In a light and electron microscopic study of the substantia nigra of the rat, the distribution and morphology of nigrotectal neurons and the pattern of termination of striatonigral fibres have been examined following the placement of horseradish peroxidase injections in the superior colliculus and kainic acid lesions in the dorsal striatum. In confirmation of previous findings, nigrotectal neurons which had been identified by the retrograde transport of horseradish peroxidase from the superior colliculus had mainly medium sized somata, varied from fusiform to stellate in shape and were found in mainly ventral regions of the rostral two-thirds of the substantia nigra pars reticulata. On electron microscopic examination, single and multiple (from two to six) degenerating striatonigral boutons were found in synaptic contact with the soma, proximal mainstem dendrites and small dendrites (but mainly on small dendrites) of labelled nigrotectal and unlabelled nigral neurons in the ventral region of the pars reticulata. In addition, a small number of degenerating striatonigral boutons formed axoaxonic synapses with degenerating or normal boutons which were presynaptic to nigral dendrites. Almost all of the identified striatonigral synapses were of the symmetrical type, although a few degenerating boutons established asymmetrical synaptic contacts on unlabelled dendrites.
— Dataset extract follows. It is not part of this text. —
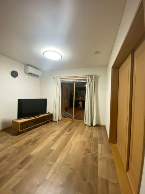 今回は一階リビングとホール部分の床の重ね貼り、リビングドア交換、勝手口外と玄関の照明交換、物干しの設置と、部分的なリフォームを施工していただきました。はじめてのリフォームで、見積もりの段階からさまざまな不安がありましたが、ひとつひとつ丁寧親切に対応していただき、施工完了まで安心して迎えることができました。 |

These findings provide evidence of a monosynaptic input from the dorsal striatum to nigrotectal projection neurons in the substantia nigra and thus demonstrate the existence of a bineuronal pathway from the striatum through the substantia nigra to the superior colliculus. The possible significance of the pattern of termination of striatonigral fibres in the substantia nigra is discussed with reference to the known dendritic arborization of nigral neurons.